Monique Newiak, deputy unit chief, inclusion and gender, and Mariarosaria Comunale, economist at the International Monetary Fund, join Arunima Sharan, senior research analyst at OMFIF’s Economic and Monetary Policy Institute, to discuss the state of gender balance in financial institutions. They examine the IMF’s gender strategy, the macro-criticality of gender equality and findings from their recent publication, ‘Who are Central Banks? Gender, Human Resources, and Central Banking‘.

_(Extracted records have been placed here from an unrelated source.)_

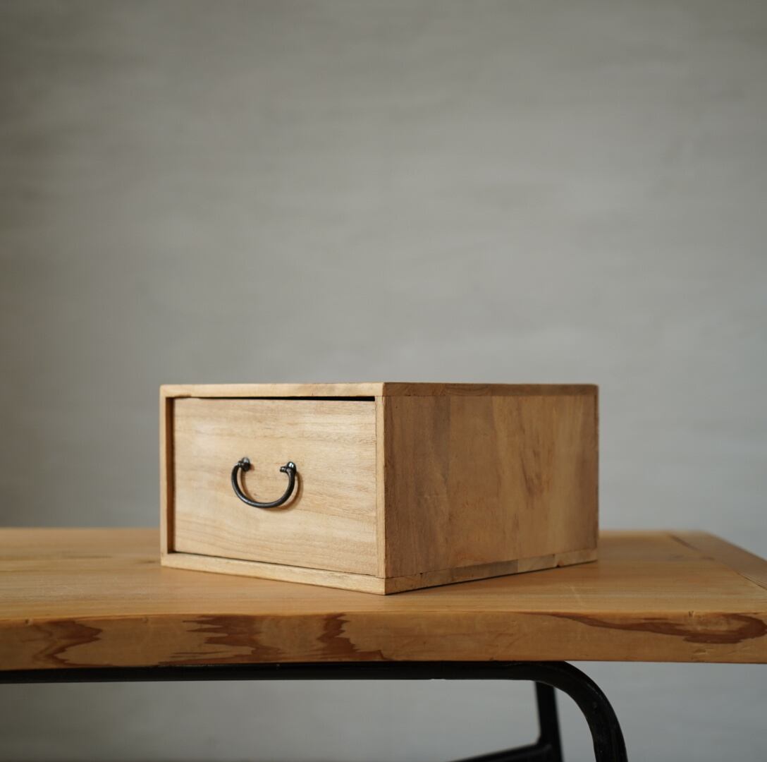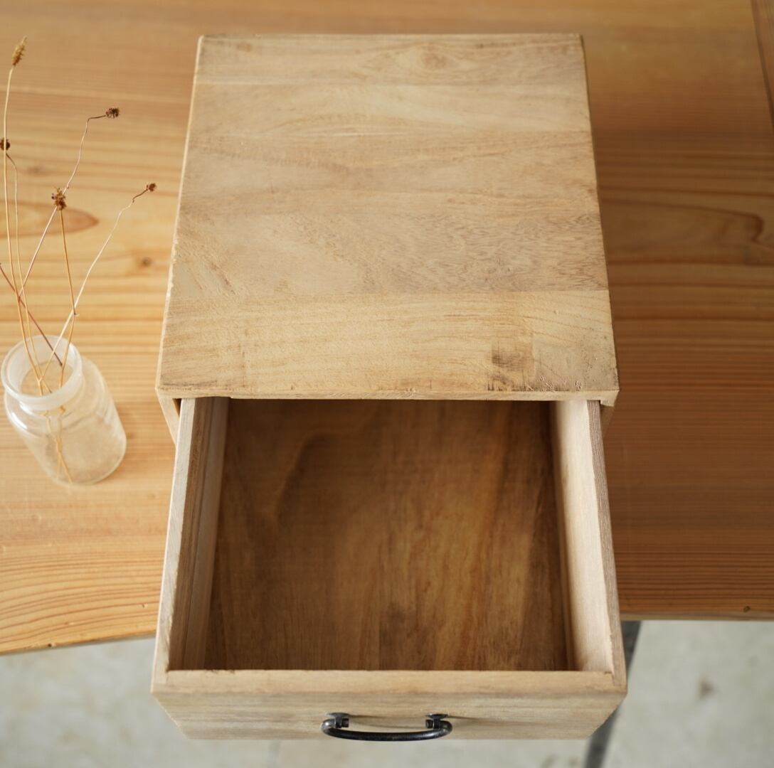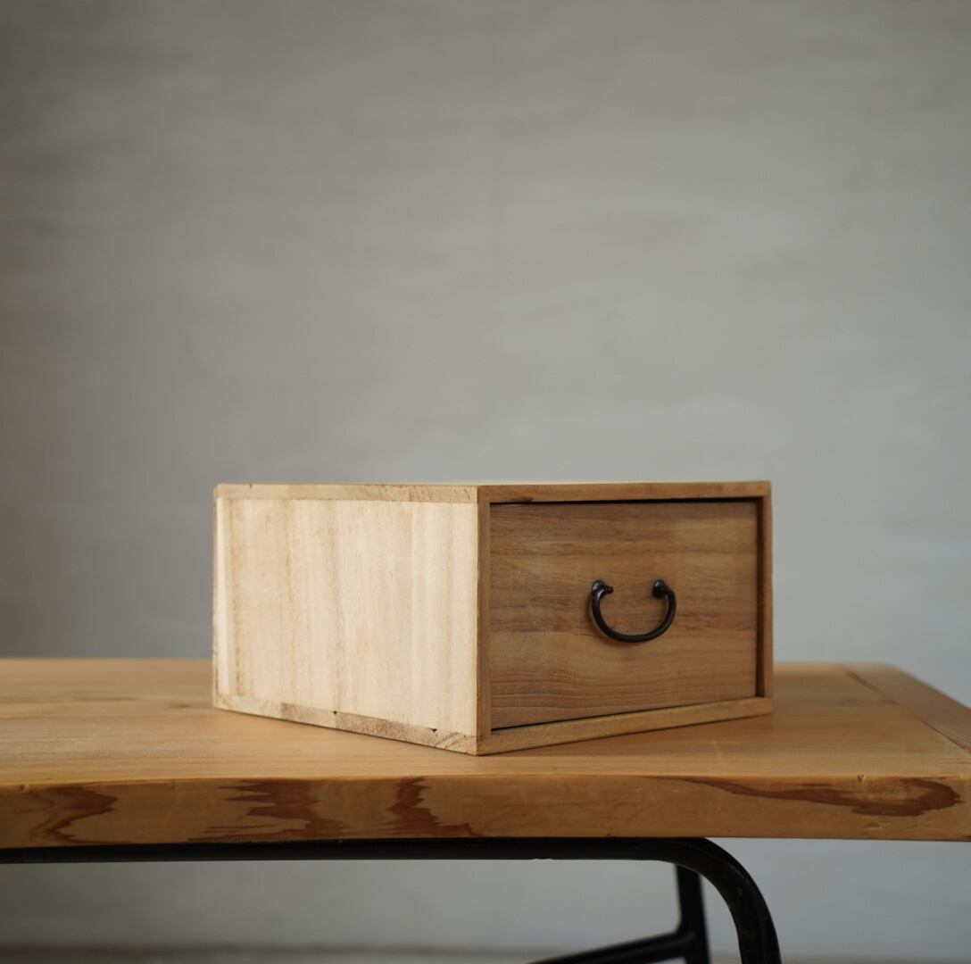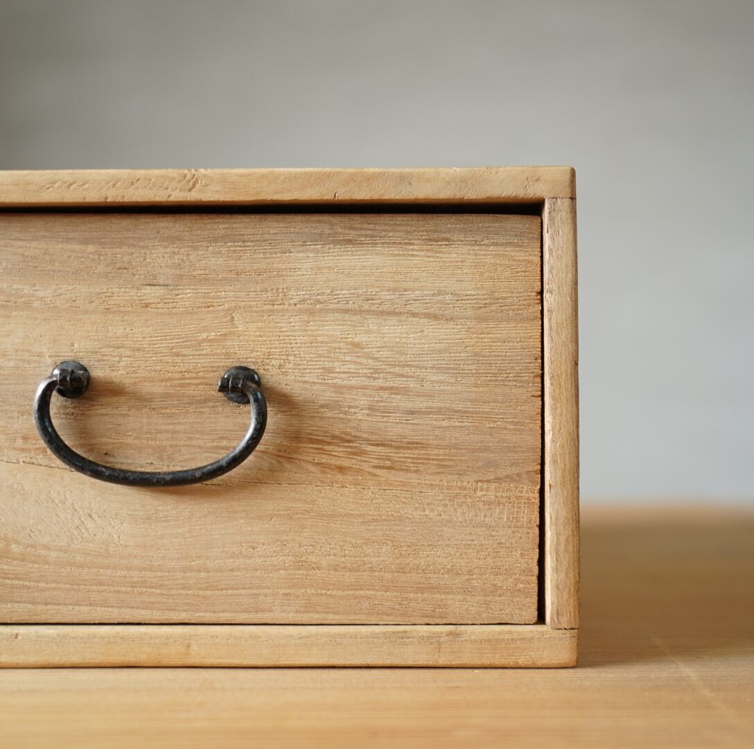 ナチュラルな木味と黒い金属の取手が可愛らしい1杯の小引き出しです。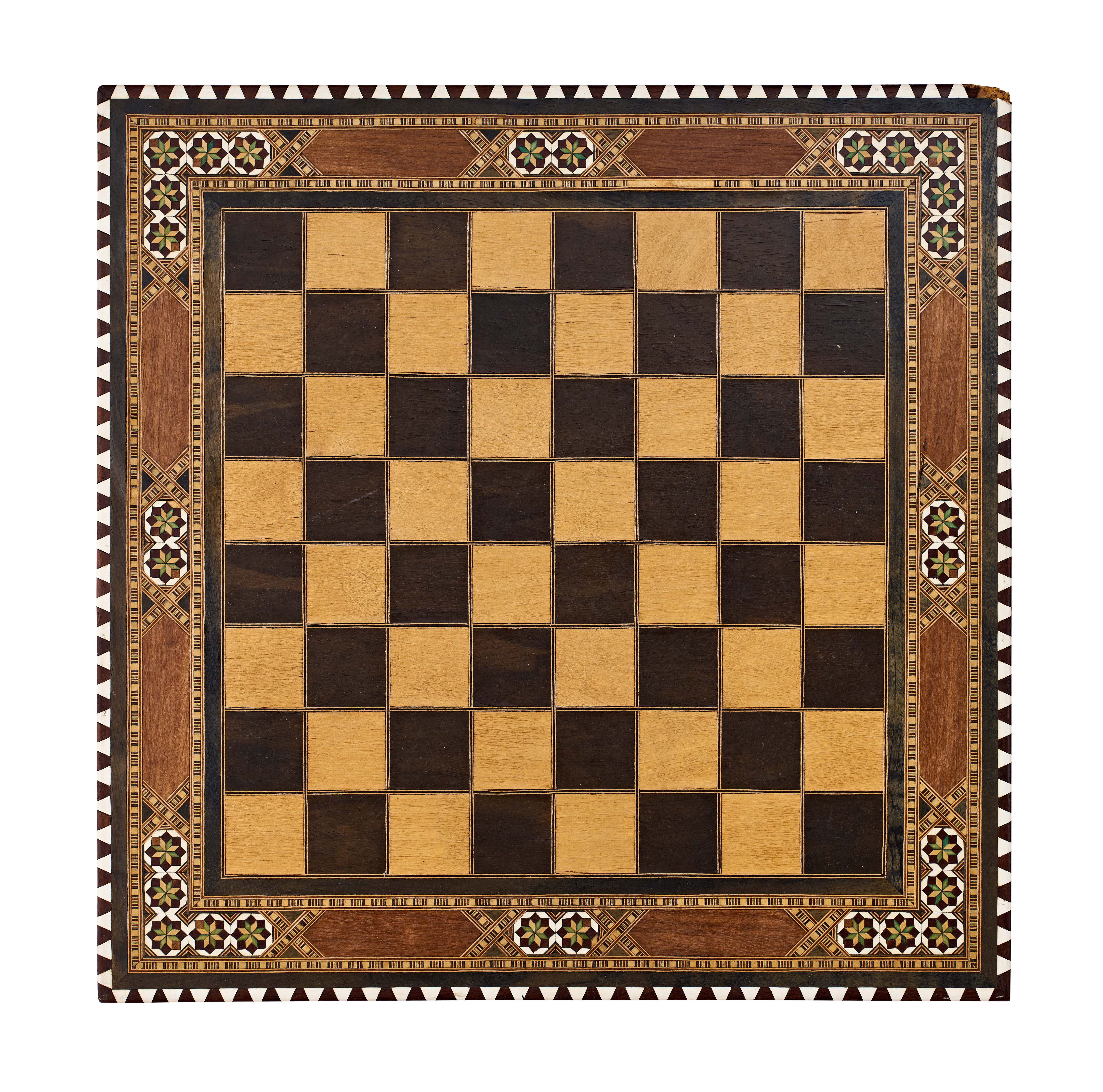 A MOORISH SPANISH INLAID WOODEN CHESS BOARD, EARLY 20TH CENTURY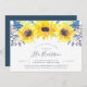 Die Dusche aus der Brauerei mit Country-Chic-Blumen und Blumen ist ein Oberteil von Sonnenblumen in Aquarelltönen, kleinen blauen Knospen und grünem Blattwerk. Personalisieren Sie mit Ihren Brautparty-Details in modernen handgeschriebenen Schriften und klassischen Serifenschriften. Brautduscheinladungen kehren in den reichen Hafen blau zurück.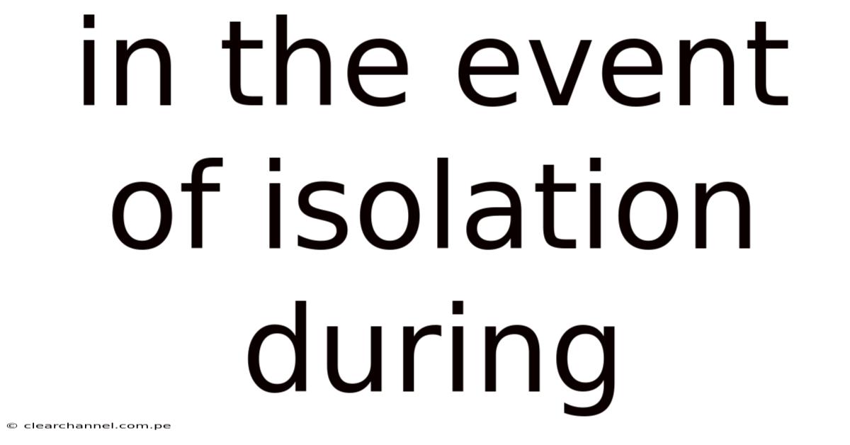When public health officials advise people to stay home, the phrase “in the event of isolation during” becomes a reality for millions. Whether the cause is a contagious disease outbreak, a severe weather event, or another public‑health emergency, isolation can disrupt daily routines, challenge mental well‑being, and test household resources. Knowing how to prepare, adapt, and thrive while separated from the wider community turns a stressful situation into an opportunity for growth and self‑care. This guide offers a comprehensive, step‑by‑step approach to navigating isolation safely and effectively, covering everything from supply planning to emotional support.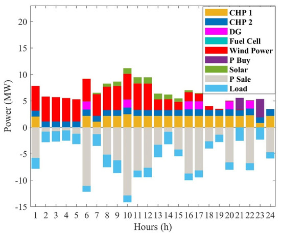 According to the following constraint, the total power generated by the units at each hour, the power discharged from the battery, and the power purchased from the market (i.e., ) is equal to the total charged power of the battery, the power sold to the market (i.e., ), and demand (after applying the DRP):
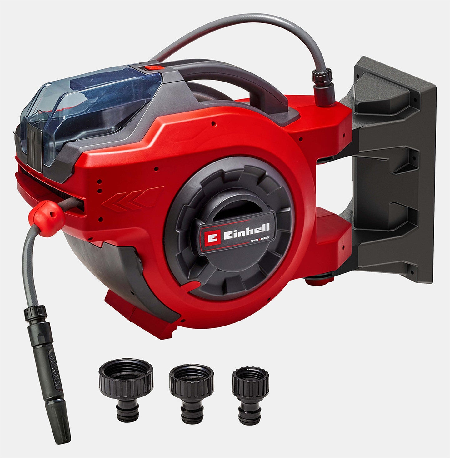 • Tek bir düğmeye basıldığında, ürünle birlikte verilen 30 m uzunluğunda, 12.5 mm çapında UV ışınlarına dayanıklı bahçe hortumu otomatik olarak hortum makarasına sarılır.

Link: Why gender equality in financial institutions is macro-critical - OMFIF 


Publications

We investigate the interactions across current account misalignments, real effective exchange rate misalignments and financial gaps within EU countries, applying an heterogeneous Bayesian panel VAR to 27 EU members over the period 1994–2012. We find that, in non-euro area countries and euro periphery an increase in current account misalignments leads to a temporary increase in the real effective exchange rate misalignments, lowering competitiveness and thus amplifying current account fluctuations. For the core, increase in the rate or an expansion of the financial gap may help rebalancing the current account. In the central eastern European members, an increase in the real effective exchange rate misalignments may bring larger current account deficits in the medium-long run.

 

Author: Mariarosaria Comunale

Journal of International Money and Finance, Volume 121, March 2022.

 

This paper investigates the role of international trade in explaining the decrease of the tradable sector employment share. We use an unbalanced panel of advanced and emerging economies for the period 1960–2011 from the EU-KLEMS and GGDC 10-sector databases in an Error Correction Model analysis. We show that international trade directly contributes to structural change: imports are negatively related with employment shifts to tradable sectors in particular in the long-run. By contrast, exports and shifts of employment towards tradables are positively associated. When trade is split in intermediate and final goods, we show that in the long-run the negative elasticity of structural change to import is driven by imports of intermediate goods, while the positive sign of exports is driven by exports of final goods.

 

Authors: Mariarosaria Comunale and Giulia Felice

International Economics, Volume 171, October 2022.

 

In this paper, we investigate different methods of assessing business cycles for the European Union. First, we conduct a Monte Carlo experiment using a broad spectrum of univariate trend-cycle decomposition methods. Second, we estimate the business cycles for real GDP and unemployment data from 1995 to end 2020. We found that the suite of models consisting of popular Hodrick-Prescott, Christiano-Fitzgerald and structural trend-cycle-seasonal filters are the best choice in both simulations and the real applications. Our analysis also confirms that the countries’ business cycles are synchronized with the aggregate euro area. Some differences can be found in the case of periphery and new member states, with the latter improving in terms of coherency after the global financial crisis. The German cycles are among the cyclical movements least synchronized with the aggregate euro area.

 

Author: Mariarosaria Comunale and Dima Celov

Business Cycles in the EU: A Comprehensive Comparison Across Methods | Emerald Insight, Essays in Honour of Fabio Canova (Advances in Econometrics, Vol. 44B), Emerald Publishing Limited, Bingley, pp. 99-146. 

 


*The views expressed herein are mine and should not be attributed to the IMF, its Executive Board, or its management. They do not necessarily represent the official views of the Bank of Lithuania, the ECB or the ESCB either.